What to work on →
Each line in the records below, from the one that contains "are moved by" to the one that contains "525 PARK AVENUE", should be reproduced exactly, the first and last included.

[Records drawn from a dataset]

○ ○ ○ ○

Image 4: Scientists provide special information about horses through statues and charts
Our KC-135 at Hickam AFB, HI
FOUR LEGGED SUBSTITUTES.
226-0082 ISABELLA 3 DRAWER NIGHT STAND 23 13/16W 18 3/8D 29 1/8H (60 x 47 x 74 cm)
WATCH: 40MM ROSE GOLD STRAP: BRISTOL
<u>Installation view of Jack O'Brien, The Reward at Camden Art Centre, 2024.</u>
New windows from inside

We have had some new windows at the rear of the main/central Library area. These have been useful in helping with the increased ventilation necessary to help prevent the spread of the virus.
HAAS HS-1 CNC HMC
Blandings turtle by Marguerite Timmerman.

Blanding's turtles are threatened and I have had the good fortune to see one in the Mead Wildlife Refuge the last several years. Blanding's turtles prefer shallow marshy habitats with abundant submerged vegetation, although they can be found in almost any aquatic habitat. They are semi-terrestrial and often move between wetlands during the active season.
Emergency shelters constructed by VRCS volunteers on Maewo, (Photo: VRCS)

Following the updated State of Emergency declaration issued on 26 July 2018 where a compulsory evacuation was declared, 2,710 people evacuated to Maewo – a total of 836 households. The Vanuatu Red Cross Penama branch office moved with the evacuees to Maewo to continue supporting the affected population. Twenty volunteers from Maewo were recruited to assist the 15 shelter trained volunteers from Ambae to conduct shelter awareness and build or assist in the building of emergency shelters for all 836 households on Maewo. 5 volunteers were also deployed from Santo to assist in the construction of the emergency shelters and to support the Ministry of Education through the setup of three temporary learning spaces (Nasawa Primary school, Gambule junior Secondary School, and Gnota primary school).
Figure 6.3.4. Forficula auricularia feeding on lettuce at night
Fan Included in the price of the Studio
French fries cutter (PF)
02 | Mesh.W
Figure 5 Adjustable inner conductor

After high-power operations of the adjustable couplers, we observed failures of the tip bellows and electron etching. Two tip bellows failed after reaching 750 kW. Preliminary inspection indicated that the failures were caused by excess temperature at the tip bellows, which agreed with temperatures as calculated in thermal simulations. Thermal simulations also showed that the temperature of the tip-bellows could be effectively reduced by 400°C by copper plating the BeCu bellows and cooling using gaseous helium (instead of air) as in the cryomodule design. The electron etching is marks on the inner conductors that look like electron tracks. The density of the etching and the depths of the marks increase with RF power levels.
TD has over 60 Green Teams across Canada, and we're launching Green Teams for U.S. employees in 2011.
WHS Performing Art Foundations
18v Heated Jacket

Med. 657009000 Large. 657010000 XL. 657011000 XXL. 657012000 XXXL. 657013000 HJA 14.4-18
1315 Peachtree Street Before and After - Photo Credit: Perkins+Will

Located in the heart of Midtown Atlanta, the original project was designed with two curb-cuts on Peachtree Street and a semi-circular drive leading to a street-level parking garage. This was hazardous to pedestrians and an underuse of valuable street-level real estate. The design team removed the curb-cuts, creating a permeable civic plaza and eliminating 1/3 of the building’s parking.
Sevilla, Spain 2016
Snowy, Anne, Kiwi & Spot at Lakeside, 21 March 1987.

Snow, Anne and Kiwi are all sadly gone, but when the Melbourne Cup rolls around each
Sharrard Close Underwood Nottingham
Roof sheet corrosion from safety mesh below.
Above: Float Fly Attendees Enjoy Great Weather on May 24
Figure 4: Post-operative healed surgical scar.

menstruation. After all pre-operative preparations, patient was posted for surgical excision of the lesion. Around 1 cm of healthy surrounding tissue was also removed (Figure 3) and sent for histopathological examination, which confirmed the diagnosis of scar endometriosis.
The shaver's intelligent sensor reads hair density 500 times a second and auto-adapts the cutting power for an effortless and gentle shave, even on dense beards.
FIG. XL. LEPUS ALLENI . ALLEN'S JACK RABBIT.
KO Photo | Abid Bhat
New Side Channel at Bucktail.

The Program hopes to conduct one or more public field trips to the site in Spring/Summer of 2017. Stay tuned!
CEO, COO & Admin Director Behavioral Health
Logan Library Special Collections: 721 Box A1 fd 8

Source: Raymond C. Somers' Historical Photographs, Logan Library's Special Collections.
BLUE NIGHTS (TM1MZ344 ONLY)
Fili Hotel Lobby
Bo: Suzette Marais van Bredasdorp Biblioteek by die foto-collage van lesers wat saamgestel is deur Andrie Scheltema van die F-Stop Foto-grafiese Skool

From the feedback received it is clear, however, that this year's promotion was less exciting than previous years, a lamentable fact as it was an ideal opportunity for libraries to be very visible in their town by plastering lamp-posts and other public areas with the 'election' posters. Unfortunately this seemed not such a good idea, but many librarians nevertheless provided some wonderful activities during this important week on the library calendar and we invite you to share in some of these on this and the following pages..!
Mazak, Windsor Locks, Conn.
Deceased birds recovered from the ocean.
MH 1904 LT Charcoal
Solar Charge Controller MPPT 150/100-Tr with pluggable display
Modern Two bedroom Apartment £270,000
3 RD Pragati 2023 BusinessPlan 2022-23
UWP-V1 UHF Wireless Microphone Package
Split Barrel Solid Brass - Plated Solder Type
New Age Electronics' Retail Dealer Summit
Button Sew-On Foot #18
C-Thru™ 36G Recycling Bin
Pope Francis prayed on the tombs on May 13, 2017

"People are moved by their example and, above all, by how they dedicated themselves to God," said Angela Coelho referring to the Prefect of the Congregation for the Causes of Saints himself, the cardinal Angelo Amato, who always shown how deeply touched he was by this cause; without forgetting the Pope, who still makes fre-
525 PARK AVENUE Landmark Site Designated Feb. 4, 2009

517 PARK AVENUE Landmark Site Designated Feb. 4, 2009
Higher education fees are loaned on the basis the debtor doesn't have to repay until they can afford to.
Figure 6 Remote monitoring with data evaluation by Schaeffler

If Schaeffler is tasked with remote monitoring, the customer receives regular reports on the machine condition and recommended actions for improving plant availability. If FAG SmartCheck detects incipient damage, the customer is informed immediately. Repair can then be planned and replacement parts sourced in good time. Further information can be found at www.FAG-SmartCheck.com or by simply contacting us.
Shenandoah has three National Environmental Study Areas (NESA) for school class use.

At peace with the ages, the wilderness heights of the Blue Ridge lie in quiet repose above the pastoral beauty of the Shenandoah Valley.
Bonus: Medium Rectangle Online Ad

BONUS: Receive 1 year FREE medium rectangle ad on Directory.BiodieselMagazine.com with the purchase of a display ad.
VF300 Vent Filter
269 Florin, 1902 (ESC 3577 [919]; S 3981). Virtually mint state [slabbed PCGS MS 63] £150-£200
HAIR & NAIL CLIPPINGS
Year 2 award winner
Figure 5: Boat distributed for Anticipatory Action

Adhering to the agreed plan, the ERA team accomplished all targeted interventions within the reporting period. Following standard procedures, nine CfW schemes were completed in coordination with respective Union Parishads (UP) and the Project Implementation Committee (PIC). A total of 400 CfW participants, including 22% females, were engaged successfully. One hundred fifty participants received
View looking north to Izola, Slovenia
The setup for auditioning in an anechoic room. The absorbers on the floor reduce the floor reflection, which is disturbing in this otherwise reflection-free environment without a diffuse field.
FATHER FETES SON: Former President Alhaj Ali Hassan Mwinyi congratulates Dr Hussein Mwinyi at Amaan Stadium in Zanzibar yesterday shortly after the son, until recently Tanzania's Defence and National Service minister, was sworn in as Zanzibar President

○ ○ ○ ○

Result of this task →
"People are moved by their example and, above all, by how they dedicated themselves to God," said Angela Coelho referring to the Prefect of the Congregation for the Causes of Saints himself, the cardinal Angelo Amato, who always shown how deeply touched he was by this cause; without forgetting the Pope, who still makes fre-
525 PARK AVENUE Landmark Site Designated Feb. 4, 2009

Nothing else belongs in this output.